*What needs to be done:*
Could you retype exactly the line containing "die Oberfläche mit" and every line after it in the data below, leaving out the pictures?

*Raw data:*
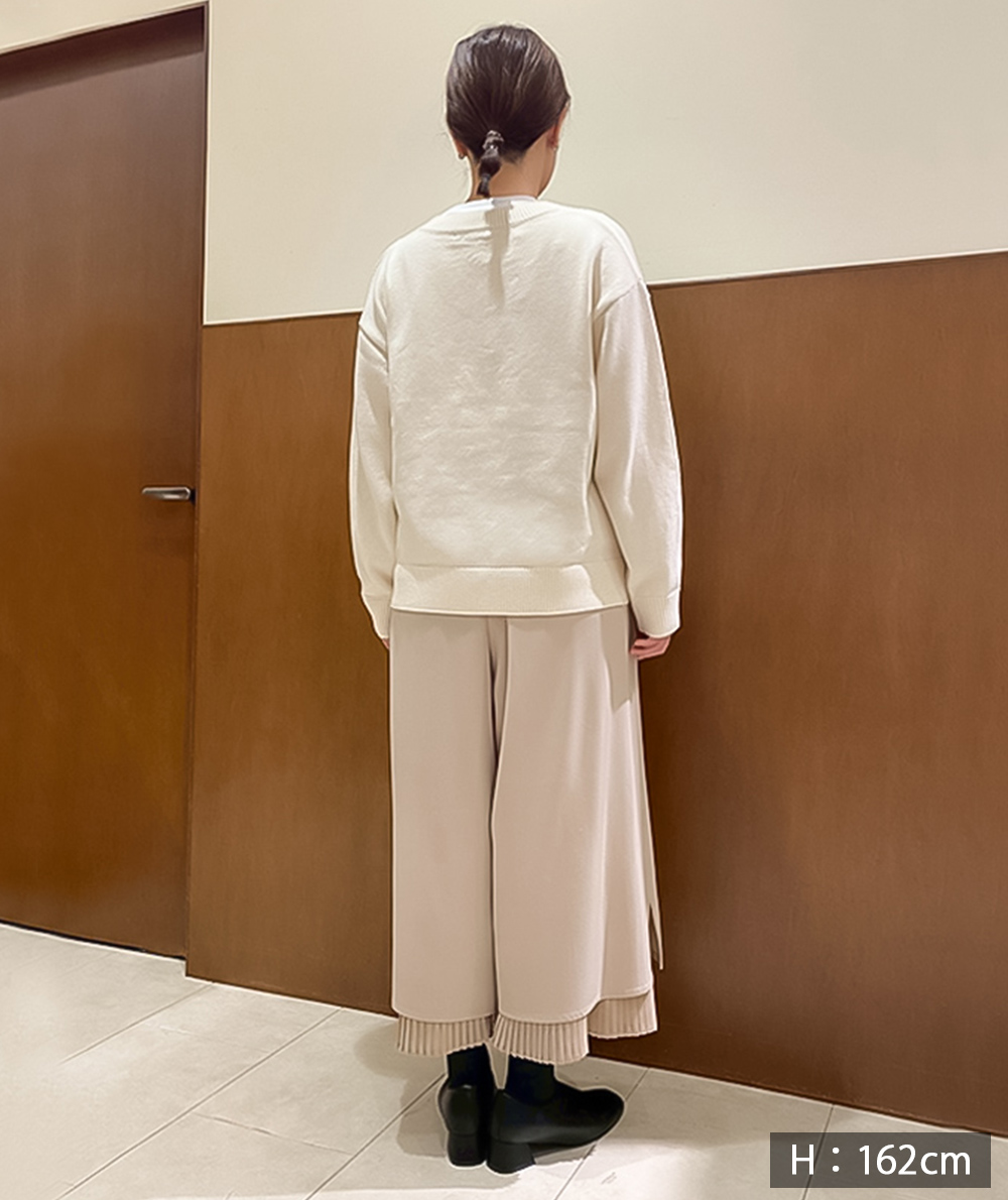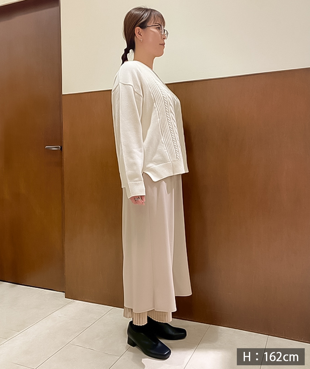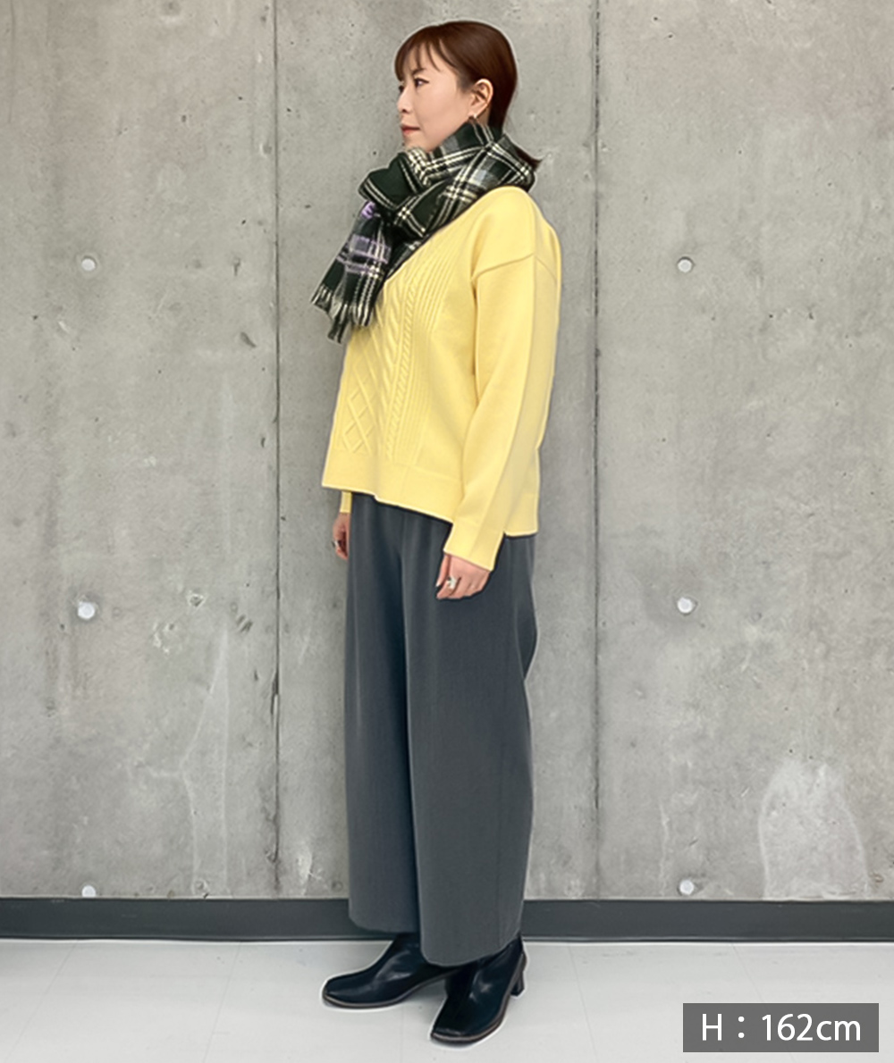 ケーブル柄が着映えするニットをご用意しました。軽くて程よくもちっとしたタッチが魅力。程よい厚みで寒い時期に着るのにぴったり。スカートにもパンツにも合うバランスのよい着丈で合わせやすいです。
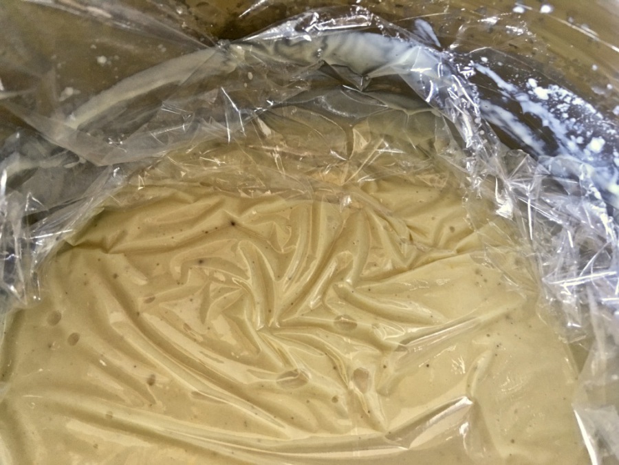 die Oberfläche mit Frischhaltefolie bedecken, damit sich keine Haut bilden kann. Den Oreo-Pudding auskühlen lassen.
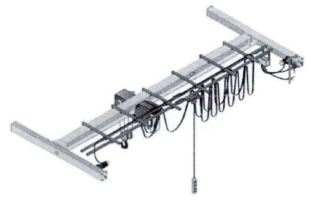 單梁橋式起重機(jī)主要由橋架、大車運(yùn)行機(jī)構(gòu)、電動葫蘆和電氣設(shè)備組成,其通過電動葫蘆來升降重物和沿著主梁運(yùn)行,相當(dāng)于橋式起重機(jī)的起重小車,該類起重機(jī)具有起重量大、工作速度高、生產(chǎn)率高的特點(diǎn),如圖2-1所示。
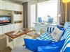 Vom Vorflur mit Garderobe gelangen Sie direkt ins gemütliche Wohnzimmer mit Zugang zur Loggia, in das kleine Schlafzimmer sowie ins helle Duschbad. Der Wohnbereich ist mit einer neuen Sitzgarnitur (2-Sitzer-Couch und zwei Korbsesseln), einem Essplatz und einem praktischen Doppelschrankbett (ausklappbar, 1,80 x 2,00 m) eingerichtet. Sat-Flachbild-TV, HiFi-Anlage und kostenfreier WLAN-Zugang (ohne Gewähr) sorgen für Unterhaltung.

*Exercise solution:*
 die Oberfläche mit Frischhaltefolie bedecken, damit sich keine Haut bilden kann. Den Oreo-Pudding auskühlen lassen.
 單梁橋式起重機(jī)主要由橋架、大車運(yùn)行機(jī)構(gòu)、電動葫蘆和電氣設(shè)備組成,其通過電動葫蘆來升降重物和沿著主梁運(yùn)行,相當(dāng)于橋式起重機(jī)的起重小車,該類起重機(jī)具有起重量大、工作速度高、生產(chǎn)率高的特點(diǎn),如圖2-1所示。
 Vom Vorflur mit Garderobe gelangen Sie direkt ins gemütliche Wohnzimmer mit Zugang zur Loggia, in das kleine Schlafzimmer sowie ins helle Duschbad. Der Wohnbereich ist mit einer neuen Sitzgarnitur (2-Sitzer-Couch und zwei Korbsesseln), einem Essplatz und einem praktischen Doppelschrankbett (ausklappbar, 1,80 x 2,00 m) eingerichtet. Sat-Flachbild-TV, HiFi-Anlage und kostenfreier WLAN-Zugang (ohne Gewähr) sorgen für Unterhaltung.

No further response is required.